Due to the details of European Law, the ASF cannot legally deny warranty (AS IS) on the code. We can, however, allow someone to take it over. SAP is requesting such approval from us to allow them to distribute Apache in their product line. The proposed agreement is Attachment A. The following resolution (R2) was proposed: RESOLVED, that the Board of Directors approves the amendment to the Apache Software License, version 1.1, attached hereto as Attachment A, for use by SAP in redistributing software owned by the Foundation. Resolution R2 was proposed and seconded.
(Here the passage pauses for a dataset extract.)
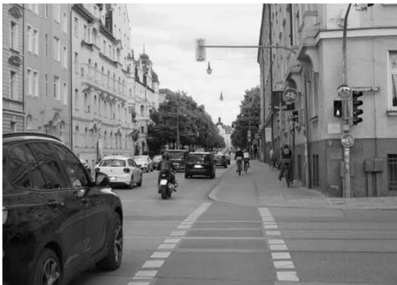
Prinzregentenstraße stadtauswärts zwischen Ismaninger Straße und Prinzregentenplatz: Der (nicht benutzungspflichtige) Radweg ist sehr eng und mit 50 Sachen ist der Autoverkehr unterwegs. Ein Haidhauser regte Tempo 30 für den Autoverkehr an. Der Bezirksausschuss will mit seinen Kolleginnen und Kollegen des BA Bogenhausen in Kontakt treten.

Poller sollen auf Antrag der Grünen-Fraktion auch an der Ecke Wörthstraße/Orleansplatz die Verkehrssituation verbessern. Sehr oft ist der dort abgesenkte Gehsteig zugesperrt. An dieser Stelle wollen aber viele Menschen die Straße überqueren, um zur Trambahnhaltestelle am Orleansplatz oder zum U-Bahn-Zugang zu gelangen. Dass der Parkdruck und das damit einhergehende illegale Parken am Orleansplatz ansteige, sieht Andreas Miksch (CSU) eher als Folge der neuen Fahrradständer auf Höhe des Oxfam-Ladens, denen einige Park-

The Resolution R2 was approved by unanimous vote of all directors present
The topic that was discussed was related to the following statement in the Agenda: "There seems to be general agreement in the licensing mailing list on the content within Exhibit A (which is the same as in the file foundation/Licenses/Apache/license-roy.txt) as a new license that would accomplish the previously stated goals. The board can choose to approve it for use now (leaving it to each PMC as to when/if to apply it for each project), mandate that it be used by all PMC after a certain date, send it to an outside lawyer for further review, ask the members to vote on it, or any combination of the above." Discussion of the proposed license centered around whether the additional complexity due to addressing patent and contribution issues was worth the departure from the simple BSD-like terms. The question also arose as to whether such a change would require a full vote of the members due to how important the open source license is to the mission and bylaws of the Foundation. Roy offered to create a more BSD-like alternative license for the purpose of comparision, and will send a message to all ASF committers to be sure that they are aware of the proposed license change and are able to make comments on the proposal before the board makes a final decision. This item was then tabled for consideration at a future meeting after more feedback has been received from interested parties. ======
Update from Dirk on Coriolis book that stripped our license and added a GPL license. Dirk indicated that he is waiting for a response from our lawyers.
Dirk presented information regarding various License statements desired and required by Data Channel. The board agreed that continued work on the effort was required. Dirk agreed to handle the issues and keep the board informed of its status.